Behind Abel, a senior, three other band members waited to rearrange the stage for the next 20-minute performance of the festival, which drew 17 groups with more than 400 students from school districts in the region.

Jackson’s two bands wrapped up the all-day event in the afternoon. But for about 50 members, the day had begun before dawn. They came to school at 6:30 a.m. to finish setting up the stage, lighting and sound system.

Once the festival began, they served as hosts and guided each school band to a warm-up room and then to the stage.

“They take a lot of pride in this. They really do,” said Lesley Moffat, director of the Jackson band.

“Through music, we are teaching lifelong skills,” Moffat said.

Running the festival taught sophomore Dan Wager, 15, the importance of being responsible. “It’s fun, but we have to be careful,” said Wager, who helped set up the lighting and sound system.

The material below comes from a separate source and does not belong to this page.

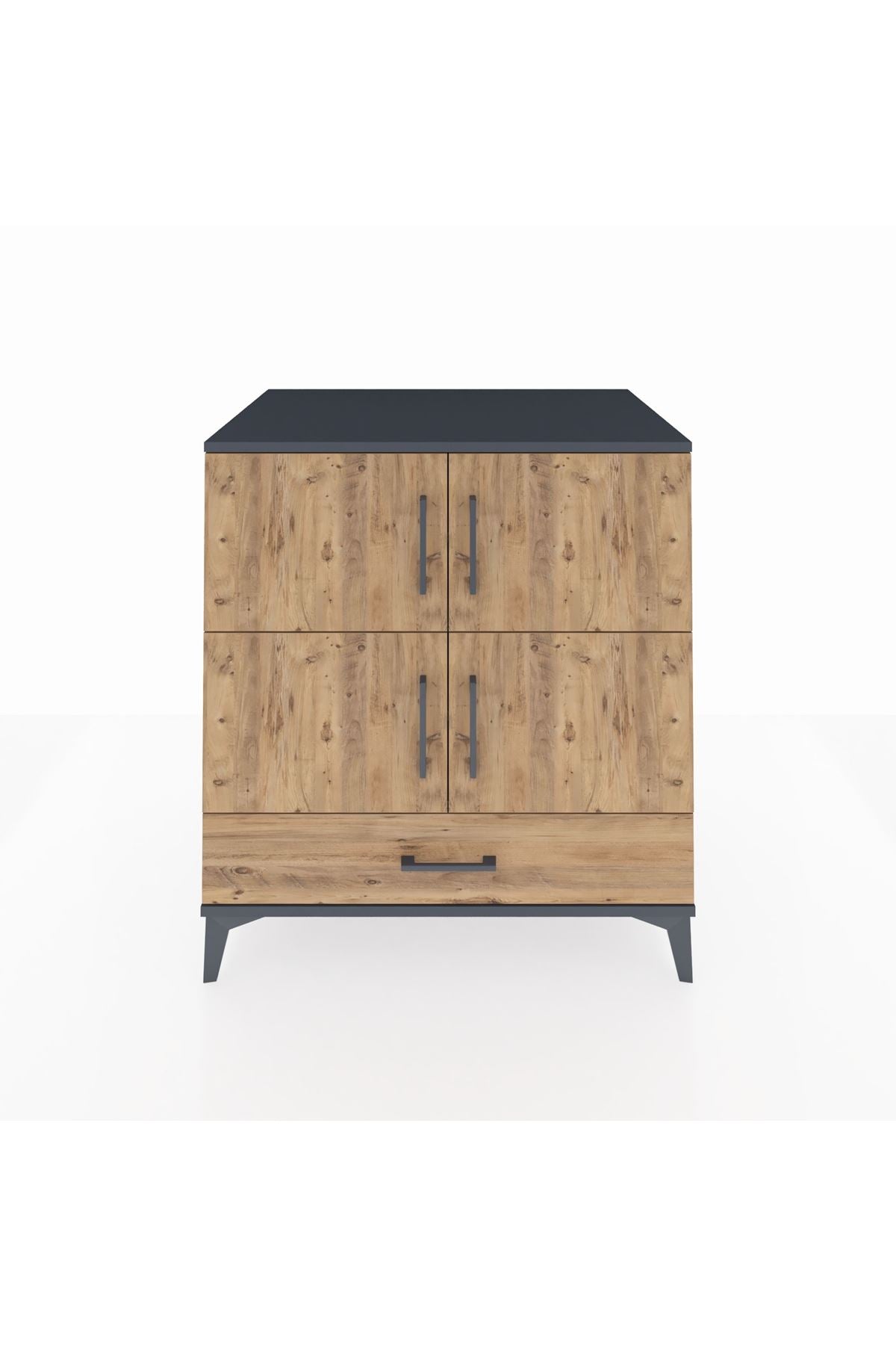 Kronos Şifonyer 4 Raflı Tek Çekmeceli 4 Kapaklı 88x59x96 Antrasit-Çam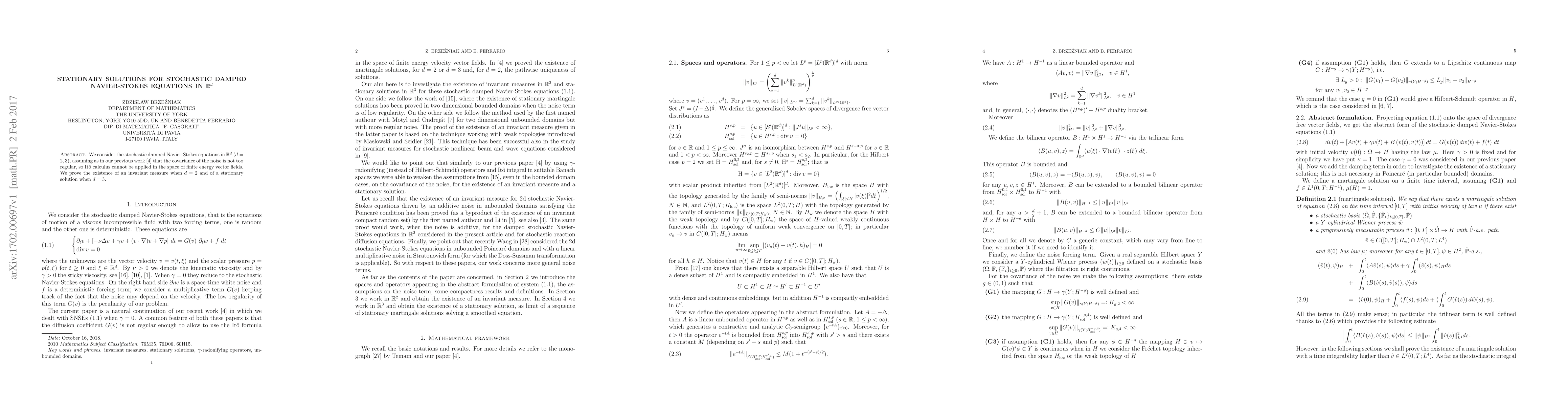 Researchers proved the existence of an invariant measure for 2D Navier-Stokes equations and a stationary solution for 3D equations under stochastic damping.

The festival started when Abel was a freshman, and has grown steadily ever since.

“Definitely a lot of leadership skills,” said Abel, who was dressed in black, from his black shirt and tie down to his black shoes, of how the festival helped him grow.

Abel has become a leader, and band members look up to him, Moffat said.

Abel is scheduled to perform with other top-notch high school and college players at Carnegie Hall in New York City in January.

Abel’s parents couldn’t come to see him play drums on Saturday, he said. His father, a postal worker, was at work, and his mother was spending the day selling Abel’s CDs to raise money so the family could accompany him to New York.

Abel, who plans to attend Berklee College of Music in Boston next fall, said the band has been the core of his high school life.

“The whole band thing is really great,” he said.